Provided data Block Start

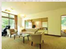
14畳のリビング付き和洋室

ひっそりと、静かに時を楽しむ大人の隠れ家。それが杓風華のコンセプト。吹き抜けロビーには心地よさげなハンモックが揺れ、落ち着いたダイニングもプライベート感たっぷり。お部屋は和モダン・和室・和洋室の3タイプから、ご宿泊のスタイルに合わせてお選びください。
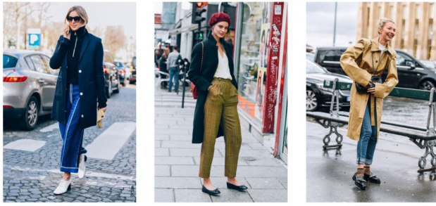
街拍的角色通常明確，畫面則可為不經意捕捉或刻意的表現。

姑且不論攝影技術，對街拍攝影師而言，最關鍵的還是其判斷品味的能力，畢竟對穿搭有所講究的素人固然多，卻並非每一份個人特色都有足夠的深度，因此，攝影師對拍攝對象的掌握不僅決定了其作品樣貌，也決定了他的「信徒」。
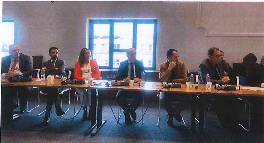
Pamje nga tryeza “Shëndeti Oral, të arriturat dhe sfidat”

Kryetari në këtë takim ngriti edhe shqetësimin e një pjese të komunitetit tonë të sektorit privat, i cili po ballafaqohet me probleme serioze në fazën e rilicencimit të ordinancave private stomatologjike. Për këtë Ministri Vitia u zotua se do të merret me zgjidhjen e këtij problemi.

Provided data Block End
Provided data Block Start

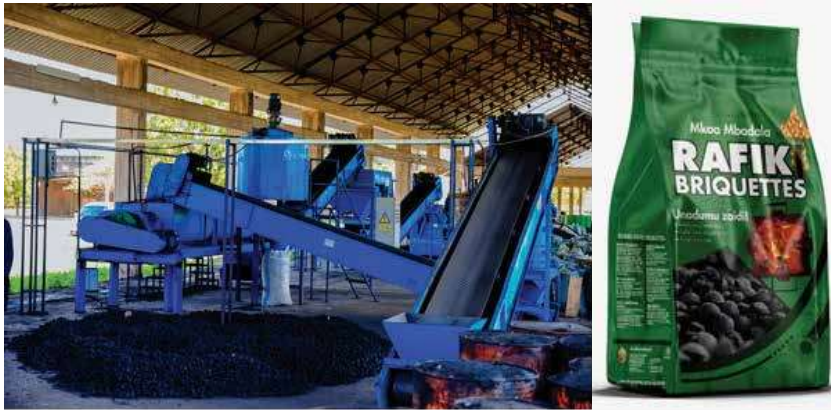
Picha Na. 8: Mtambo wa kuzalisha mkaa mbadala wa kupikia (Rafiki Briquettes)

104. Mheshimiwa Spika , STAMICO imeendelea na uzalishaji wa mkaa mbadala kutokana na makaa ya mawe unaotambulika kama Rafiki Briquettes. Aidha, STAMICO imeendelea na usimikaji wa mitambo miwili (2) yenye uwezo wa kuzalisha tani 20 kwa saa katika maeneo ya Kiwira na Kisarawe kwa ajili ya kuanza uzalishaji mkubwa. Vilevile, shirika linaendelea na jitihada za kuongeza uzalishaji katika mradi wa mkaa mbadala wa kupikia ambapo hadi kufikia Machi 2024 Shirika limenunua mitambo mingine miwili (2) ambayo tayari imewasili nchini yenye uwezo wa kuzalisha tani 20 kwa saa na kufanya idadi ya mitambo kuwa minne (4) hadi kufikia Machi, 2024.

Provided data Block End

■ Assignment ■
Only one stretch of the material above is wanted: the line containing "街拍的角色通常明確，畫面則可為不經意捕捉或刻意的表現。" through the line containing "Kryetari në këtë". Restate it word for word, minus the pictures.

■ Exercise result ■
街拍的角色通常明確，畫面則可為不經意捕捉或刻意的表現。

姑且不論攝影技術，對街拍攝影師而言，最關鍵的還是其判斷品味的能力，畢竟對穿搭有所講究的素人固然多，卻並非每一份個人特色都有足夠的深度，因此，攝影師對拍攝對象的掌握不僅決定了其作品樣貌，也決定了他的「信徒」。
Pamje nga tryeza “Shëndeti Oral, të arriturat dhe sfidat”

Kryetari në këtë takim ngriti edhe shqetësimin e një pjese të komunitetit tonë të sektorit privat, i cili po ballafaqohet me probleme serioze në fazën e rilicencimit të ordinancave private stomatologjike. Për këtë Ministri Vitia u zotua se do të merret me zgjidhjen e këtij problemi.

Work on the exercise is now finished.